Data extracted from a collection -
_____
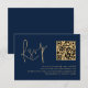 Classy Gold Script Navy Blue QR Code Wedding RSVP Karte
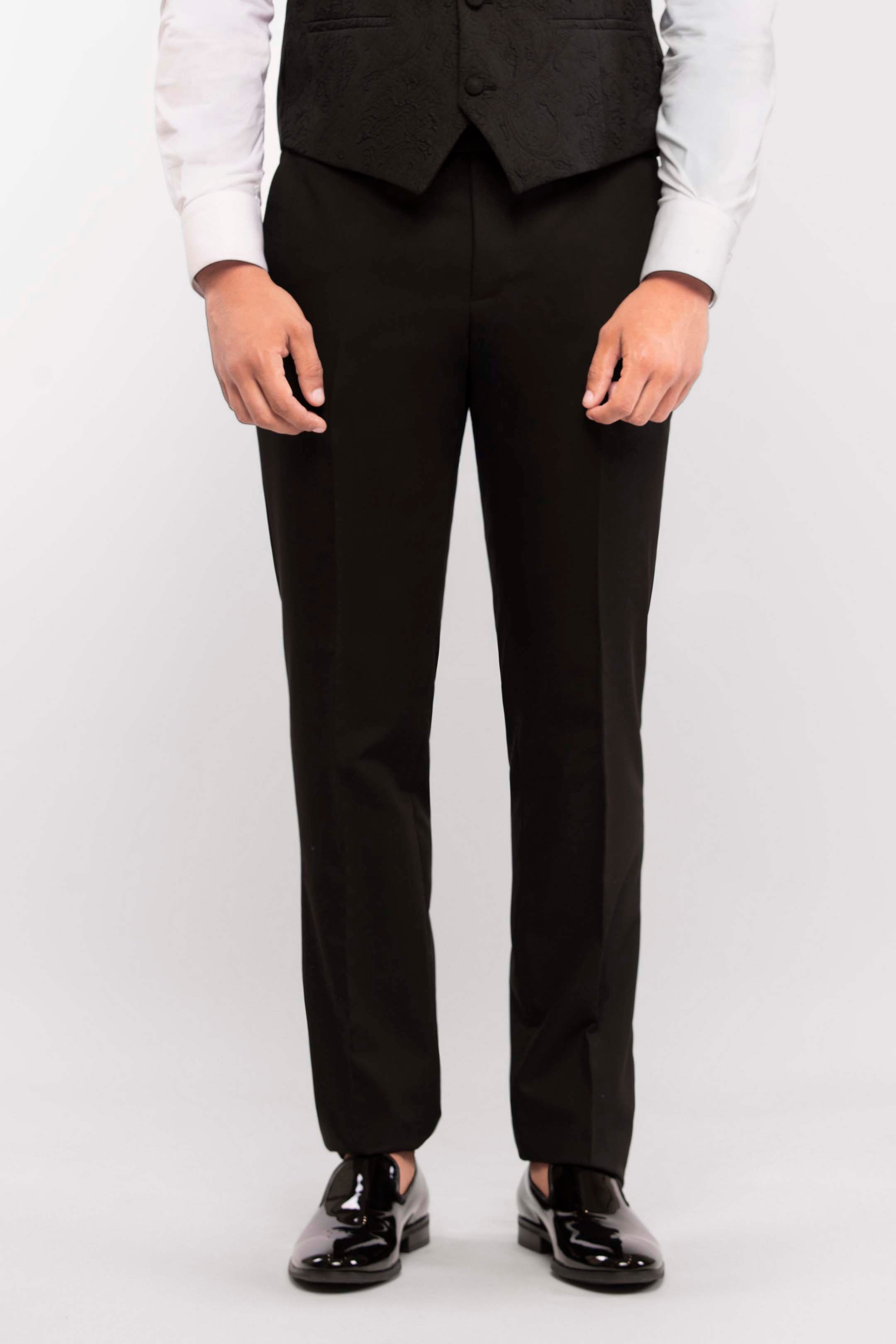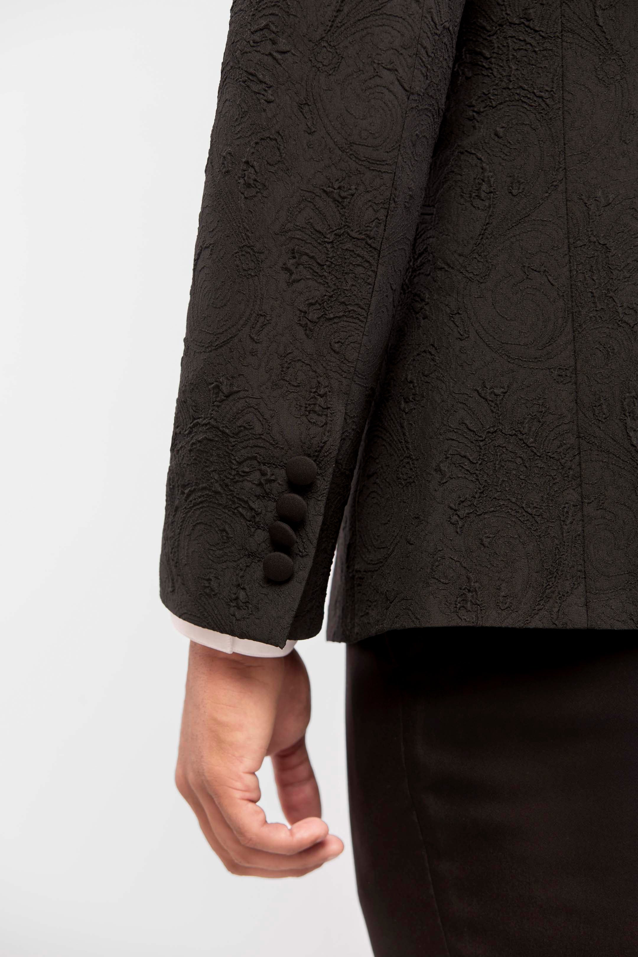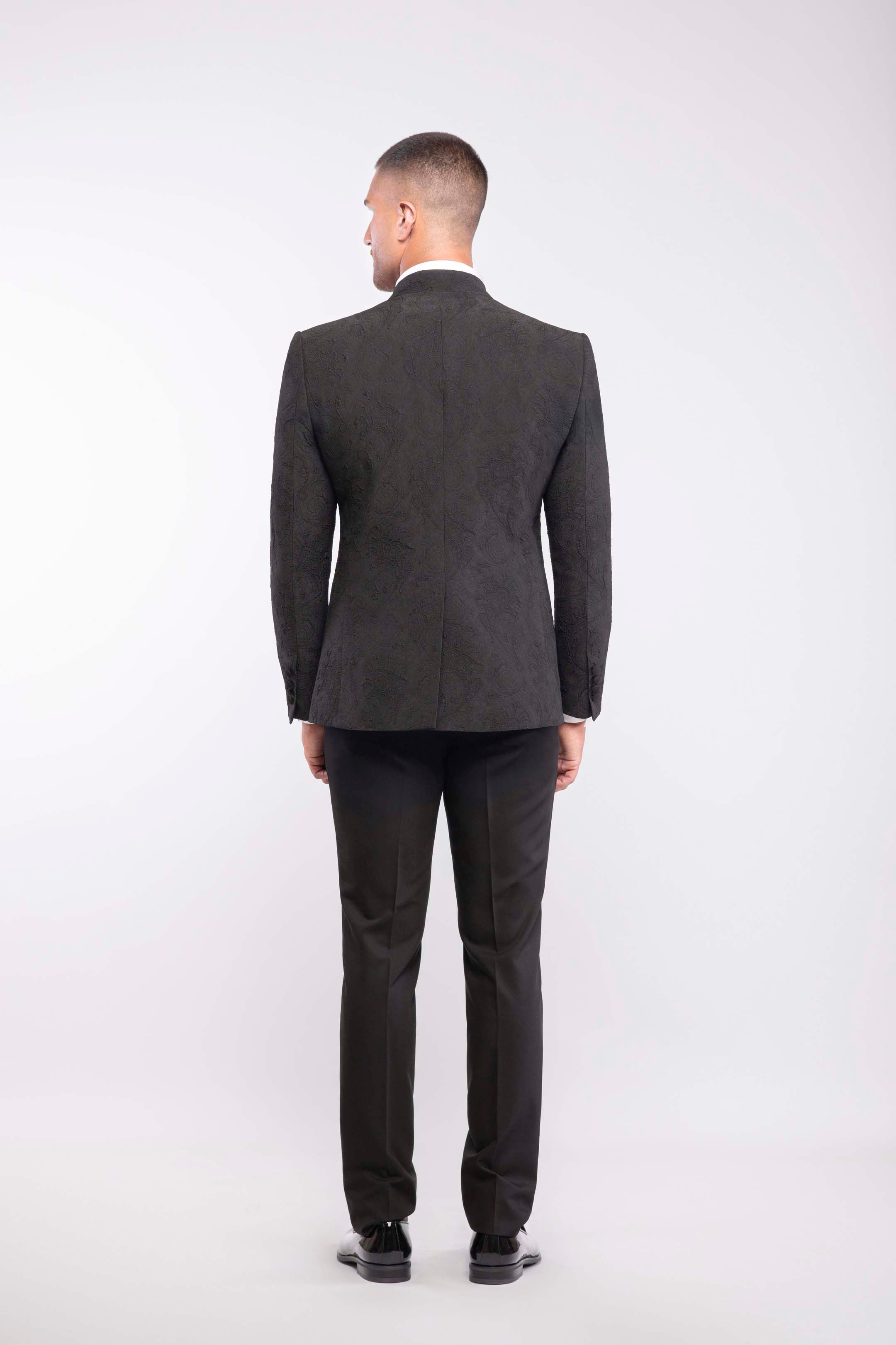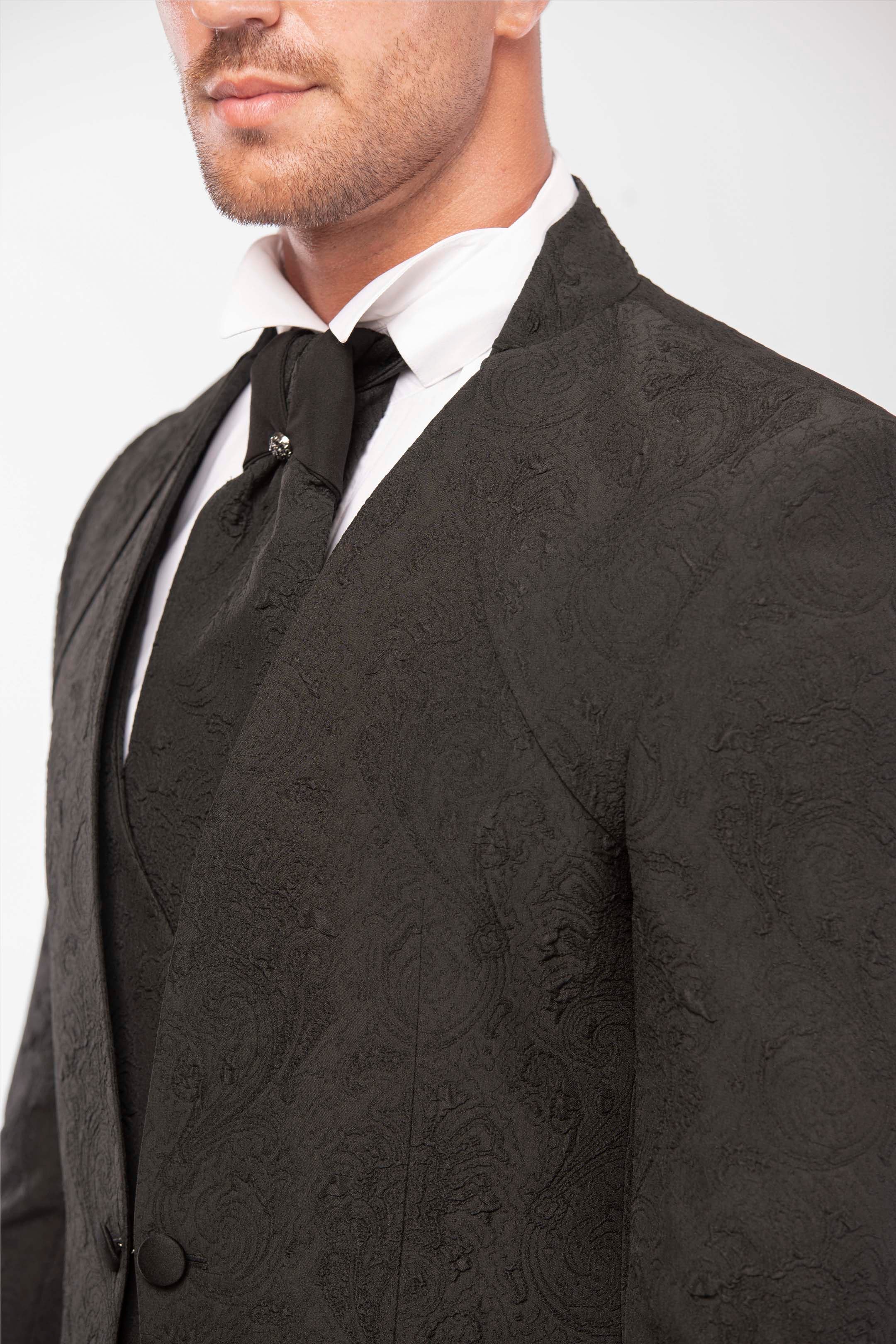 Abito da sposo coreano in tessuto damascato total black. La giacca slim fit, con sprone sulla spalla e alamaro a vista, unisce stile essenziale e carattere. Il gilet a quattro bottoni, il plastron con spillone e il pantalone asciutto completano un look minimal ma estremamente raffinato. Un ponte tra passato e presente, pensato per uno sposo dallo stile deciso.
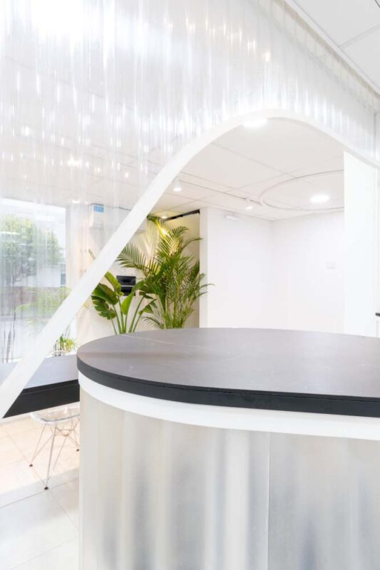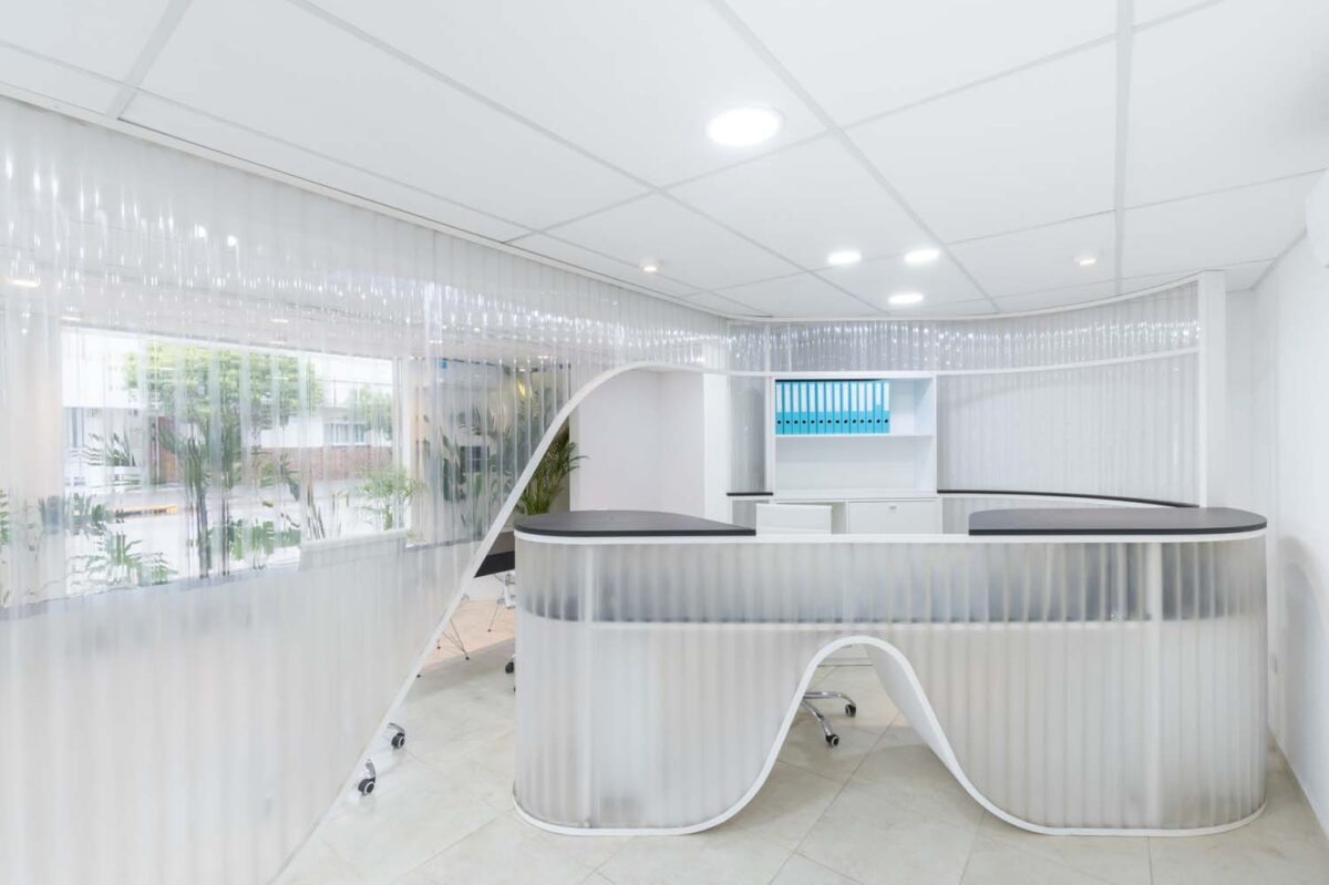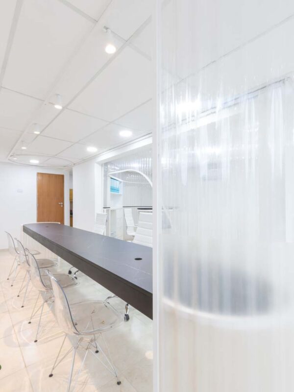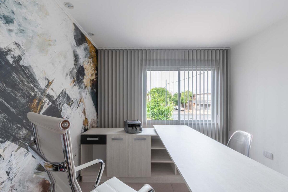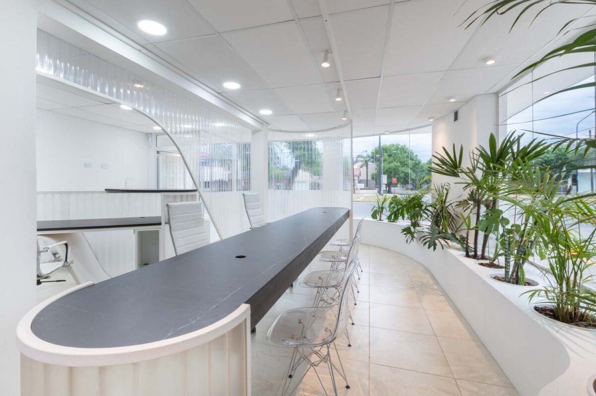 Với mục tiêu tạo ra không gian để thực hiện các hoạt động như hội họp, dịch vụ khách hàng, các công việc và thủ tục hành chính. Đèn chiếu sáng bên ngoài được sử dụng liên tục và trở thành “đèn bảng hiệu” vào ban đêm. Phía ngoài cũng phải được thiết kế sao cho ấn tượng với người đi đường vì văn phòng nằm ngay ở góc được có 2 mặt tiền.
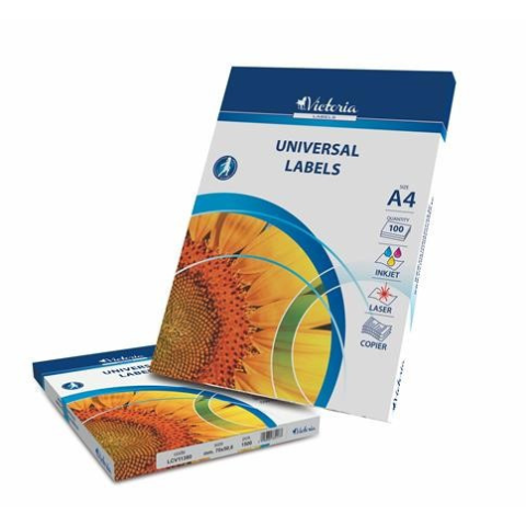 Etikett öntapadós, univerzális 70x36 mm , VICTORIA márka. 2400 etikett/csomag. Cikkszám: LCV11388 Az ár egy ívre vonatkozik! Általános felhasználásra Fénymásológépekben, lézernyomtatókban és tintasugaras nyomtatókban használható Gazdaságos lehetőség kis
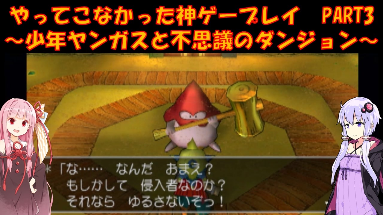 PS2 少年ヤンガスと不思議のダンジョンをプレイ<br>ゆかりさんはメジャーじゃないゲームをやる俺カッケー族だったのでドラクエをやったことがありませんでした(DSのⅤ以外)<br><br>茜:キノコと比べると消極的やな<br>ゆ:そのデカい木づちは飾りかぁ~?<br><br>PART1:<a href="https://www.nicovideo.jp/watch/sm45104666" target="_blank" rel="noopener nofollow">https://www.nicovideo.jp/watch/sm45104666</a><br><br>各DQシリーズ第1回リンク<br>DQ1:<a href="https://www.nicovideo.jp/watch/sm41819145" target="_blank" rel="noopener nofollow">https://www.nicovideo.jp/watch/sm41819145</a><br>DQ2:<a href="https://www.nicovideo.jp/watch/sm41895278" target="_blank" rel="noopener nofollow">https://www.nicovideo.jp/watch/sm41895278</a><br>DQ3:<a href="https://www.nicovideo.jp/watch/sm42034398" target="_blank" rel="noopener nofollow">https://www.nicovideo.jp/watch/sm42034398</a><br>DQ4:<a href="https://www.nicovideo.jp/watch/sm42520974" target="_blank" rel="noopener nofollow">https://www.nicovideo.jp/watch/sm42520974</a><br>DQ5:<a href="https://www.nicovideo.jp/watch/sm42848575" target="_blank" rel="noopener nofollow">https://www.nicovideo.jp/watch/sm42848575</a><br>DQ6:<a href="https://www.nicovideo.jp/watch/sm43080264" target="_blank" rel="noopener nofollow">https://www.nicovideo.jp/watch/sm43080264</a><br>DQ7:<a href="https://www.nicovideo.jp/watch/sm43851863" target="_blank" rel="noopener nofollow">https://www.nicovideo.jp/watch/sm43851863</a><br>DQ8:<a href="https://www.nicovideo.jp/watch/sm44676588" target="_blank" rel="noopener nofollow">https://www.nicovideo.jp/watch/sm44676588</a><br>DQM1:<a href="https://www.nicovideo.jp/watch/sm43525709" target="_blank" rel="noopener nofollow">https://www.nicovideo.jp/watch/sm43525709</a><br>DQMCH:<a href="https://www.nicovideo.jp/watch/sm44443421" target="_blank" rel="noopener nofollow">https://www.nicovideo.jp/watch/sm44443421</a><br><br>動画内で使用させていただいた素材<br>【イラスト】<br>結月ゆかり→ペテン師様:<a href="https://seiga.nicovideo.jp/seiga/im5494168" target="_blank" rel="noopener nofollow">https://seiga.nicovideo.jp/seiga/im5494168</a><br>琴葉茜→ユメのオワリ様:<a href="https://seiga.nicovideo.jp/seiga/im10706241" target="_blank" rel="noopener nofollow">https://seiga.nicovideo.jp/seiga/im10706241</a><br><br>【音声】<br>A.I.Voice:琴葉茜<br><a href="https://aivoice.jp/product/kotonoha/" target="_blank" rel="noopener nofollow">https://aivoice.jp/product/kotonoha/</a><br><br>A.I.Voice:結月ゆかり<br><a href="https://aivoice.jp/product/yukari/" target="_blank" rel="noopener nofollow">https://aivoice.jp/product/yukari/</a><br><br>【その他素材】<br><br>この動画で利用している株式会社スクウェア・エニックスを代表とする共同著作者が権利を所有する著作物及びスギヤマ工房有限会社が権利を所有する楽曲の転載・配布は禁止いたします。<br>© 2006 ARMOR PROJECT/BIRD STUDIO/SQUARE ENIX All Rights Reserved.<br>© SUGIYAMA KOBO
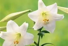 麝香百合:在中国台湾亦称铁炮百合。鳞茎球形或近球形,高2.5-5厘米;鳞片白色。茎高45-90厘米,绿色,基部为淡红色。叶散生,披针形或矩圆状披针形,两面无毛。花单生或2-3朵;花喇叭形,白色,筒外…全部>>
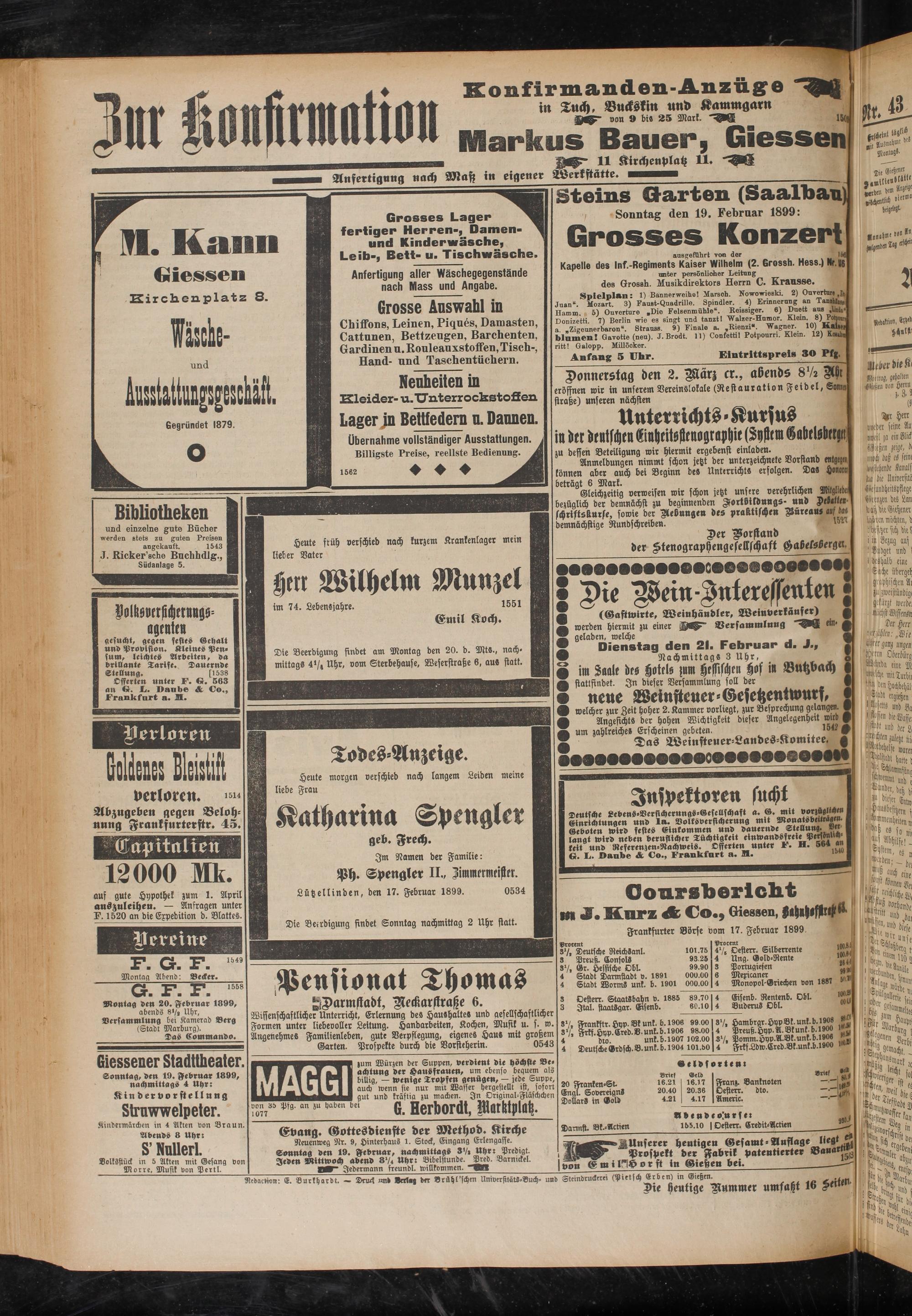 Sonntag, den 19. Februar 1899, nachmittags 4 Uhr:
_____
Exercise aim -
Write out exactly the opening lines of the data, stopping after the line that holds "Etikett öntapadós, univerzális". Exclude pictures.

Exercise response -
 Classy Gold Script Navy Blue QR Code Wedding RSVP Karte
 Abito da sposo coreano in tessuto damascato total black. La giacca slim fit, con sprone sulla spalla e alamaro a vista, unisce stile essenziale e carattere. Il gilet a quattro bottoni, il plastron con spillone e il pantalone asciutto completano un look minimal ma estremamente raffinato. Un ponte tra passato e presente, pensato per uno sposo dallo stile deciso.
 Với mục tiêu tạo ra không gian để thực hiện các hoạt động như hội họp, dịch vụ khách hàng, các công việc và thủ tục hành chính. Đèn chiếu sáng bên ngoài được sử dụng liên tục và trở thành “đèn bảng hiệu” vào ban đêm. Phía ngoài cũng phải được thiết kế sao cho ấn tượng với người đi đường vì văn phòng nằm ngay ở góc được có 2 mặt tiền.
 Etikett öntapadós, univerzális 70x36 mm , VICTORIA márka. 2400 etikett/csomag. Cikkszám: LCV11388 Az ár egy ívre vonatkozik! Általános felhasználásra Fénymásológépekben, lézernyomtatókban és tintasugaras nyomtatókban használható Gazdaságos lehetőség kis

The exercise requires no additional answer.